◆ **Exercise description**:
Write the entries out exactly. Any images they hold stay out of the copy.

◆ **The data**:
>>>
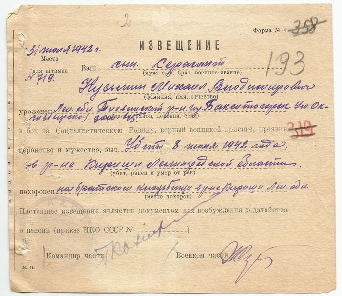 Файл: «Тихвин_Архив_РВК_Похоронки_Кузьмин.М.В_01»
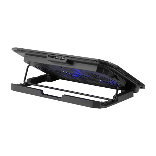 Низкий уровень шума позволяет использовать подставку в ночное время. Подсветка подставки позволяет работать без дополнительных источников освещения в темное время суток. Регулировка угла наклона подставки даёт возможность выбрать несколько положений подставки для максимального комфорта в игре или работе. Резиновые накладки предотвращают скольжение по поверхности стола. 2 встроенных USB-порта - один из разъемов можно использовать для питания подставки, второй - как удлинитель USB для подключения мыши.
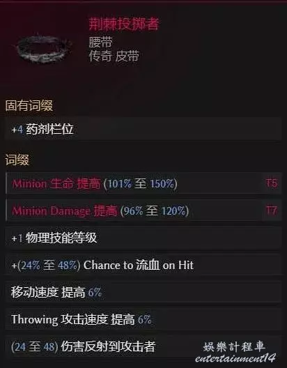 荊棘投擲者,主要是為了他的加1物理技能等級,憎惡非常吃技能等級,越高越好,詞條的話搞召喚物傷害和生命即可。或者你自己搞抗性,生命,暴擊避免等生存類詞條也可以,靈活調整。
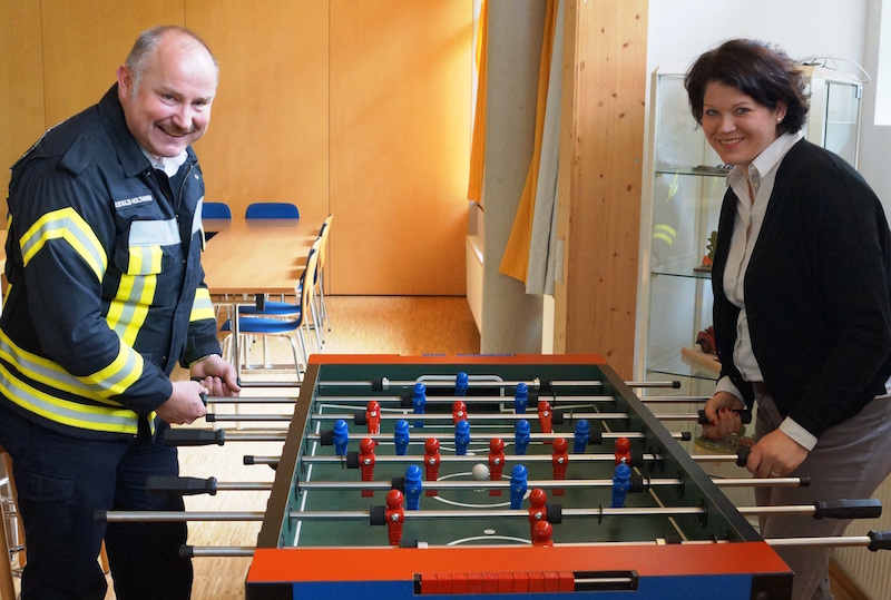 „Alarmstimmung“ der anderen Art herrscht seit kurzem wieder in der Florianstube der Feuerwehr Coesfeld. Wenn die haupt- und ehrenamtlichen Rettungskräfte Zeit haben, dann können die engagierten Helfer wieder eine Partie Kickern.
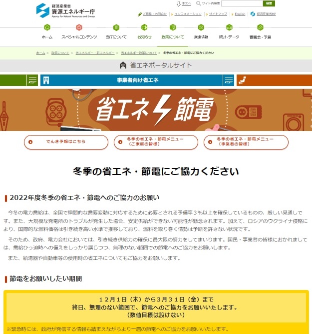 ※資源エネルギー庁 冬季の省エネ・節電にご協力ください
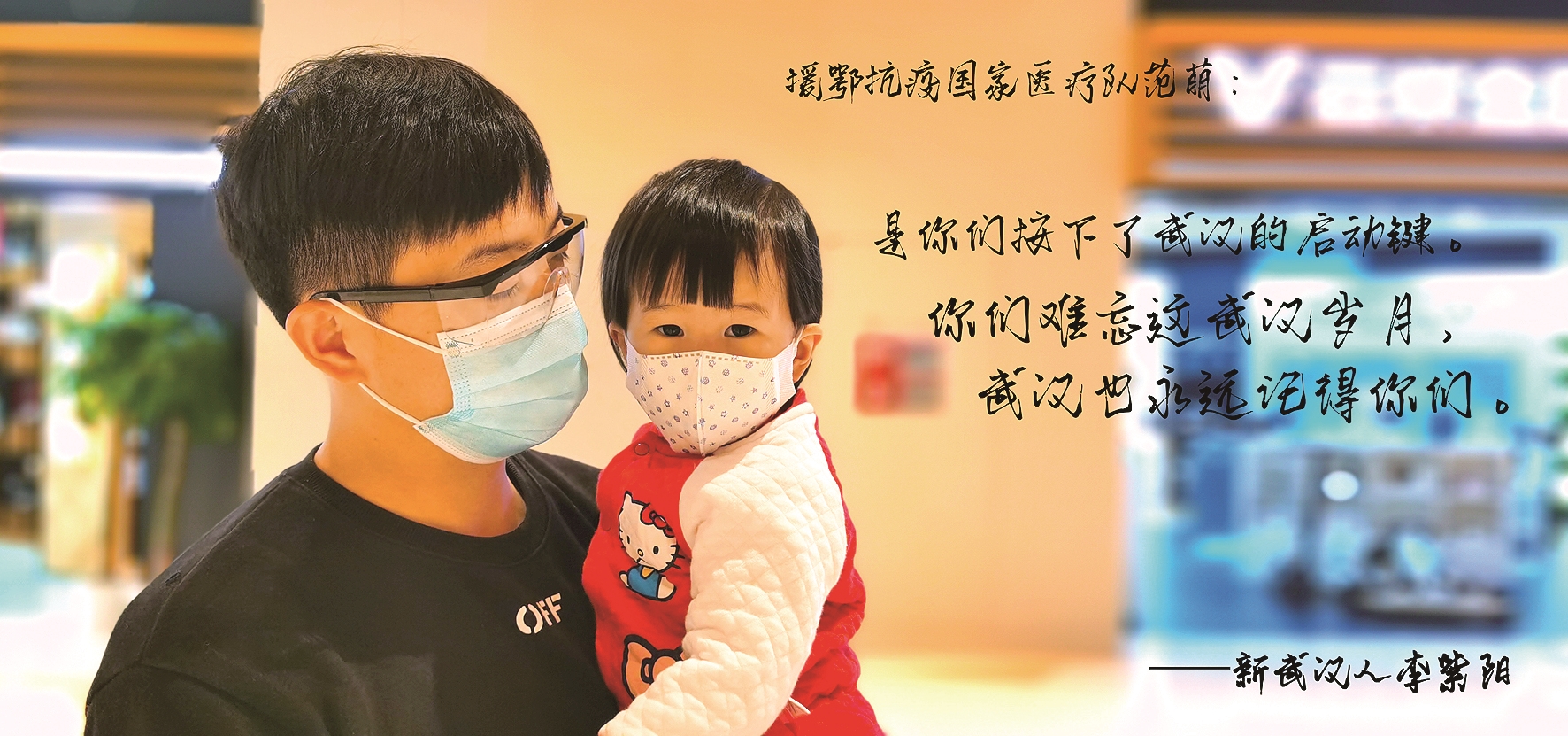 “遥寄武汉情”活动的发起人李紫阳怀抱女儿写下祝福
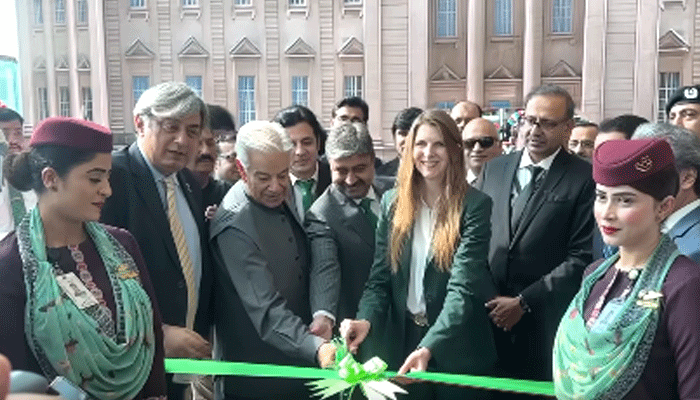 اسلام آباد ایئرپورٹ پر اس موقع پر ایک شاندار تقریب منعقد کی گئی جس میں وزیر دفاع خواجہ آصف، برطانوی ہائی کمشنر جین میرٹ، ایوی ایشن حکام اور پی آئی اے انتظامیہ سمیت دیگر اہم شخصیات نے شرکت کی۔
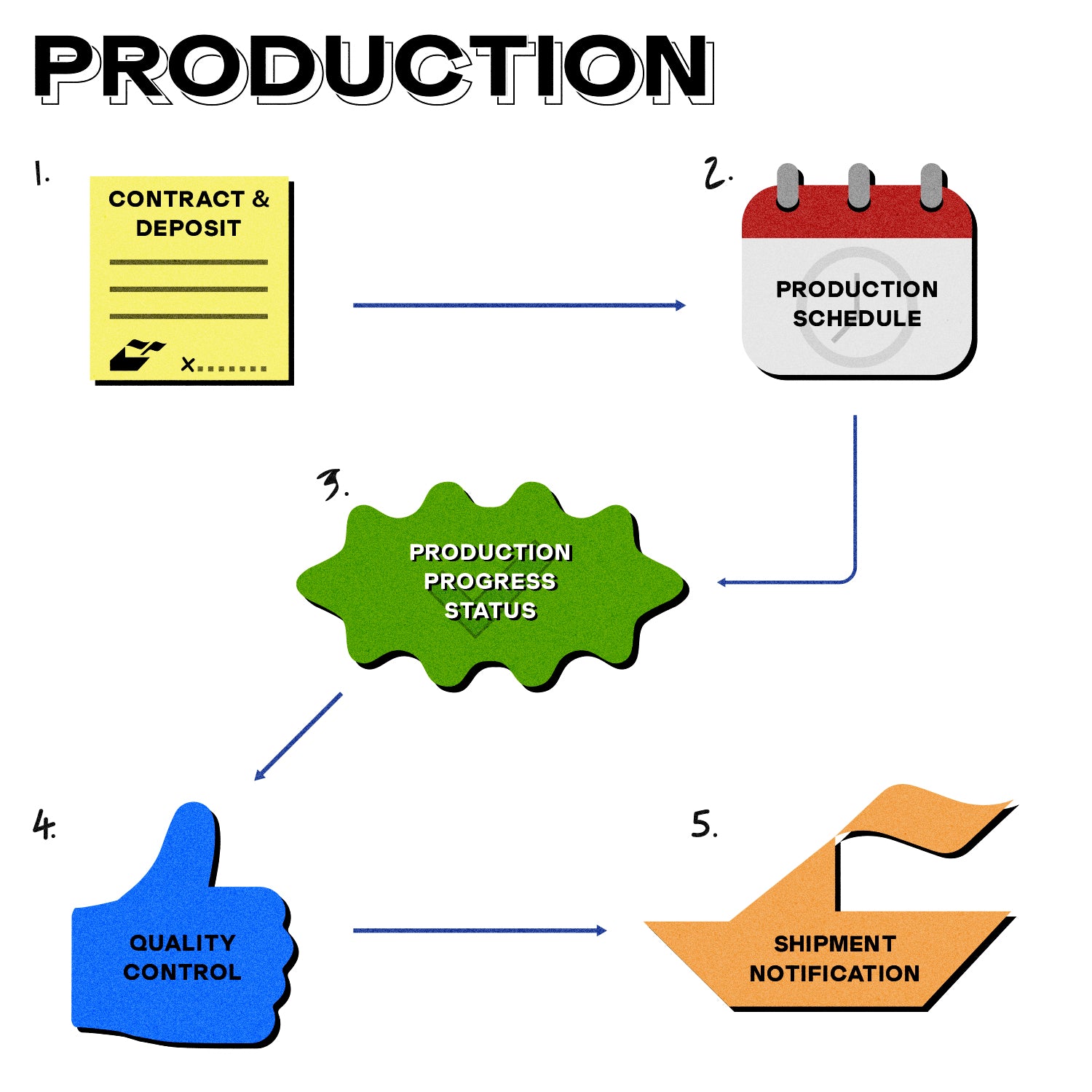 After signing the contract for the styles ordered and submitting a deposit, we begin production and provide a production schedule.
<<<
◆ **Task solution**:
 Файл: «Тихвин_Архив_РВК_Похоронки_Кузьмин.М.В_01»
 Низкий уровень шума позволяет использовать подставку в ночное время. Подсветка подставки позволяет работать без дополнительных источников освещения в темное время суток. Регулировка угла наклона подставки даёт возможность выбрать несколько положений подставки для максимального комфорта в игре или работе. Резиновые накладки предотвращают скольжение по поверхности стола. 2 встроенных USB-порта - один из разъемов можно использовать для питания подставки, второй - как удлинитель USB для подключения мыши.
 荊棘投擲者,主要是為了他的加1物理技能等級,憎惡非常吃技能等級,越高越好,詞條的話搞召喚物傷害和生命即可。或者你自己搞抗性,生命,暴擊避免等生存類詞條也可以,靈活調整。
 „Alarmstimmung“ der anderen Art herrscht seit kurzem wieder in der Florianstube der Feuerwehr Coesfeld. Wenn die haupt- und ehrenamtlichen Rettungskräfte Zeit haben, dann können die engagierten Helfer wieder eine Partie Kickern.
 ※資源エネルギー庁 冬季の省エネ・節電にご協力ください
 “遥寄武汉情”活动的发起人李紫阳怀抱女儿写下祝福
 اسلام آباد ایئرپورٹ پر اس موقع پر ایک شاندار تقریب منعقد کی گئی جس میں وزیر دفاع خواجہ آصف، برطانوی ہائی کمشنر جین میرٹ، ایوی ایشن حکام اور پی آئی اے انتظامیہ سمیت دیگر اہم شخصیات نے شرکت کی۔
 After signing the contract for the styles ordered and submitting a deposit, we begin production and provide a production schedule.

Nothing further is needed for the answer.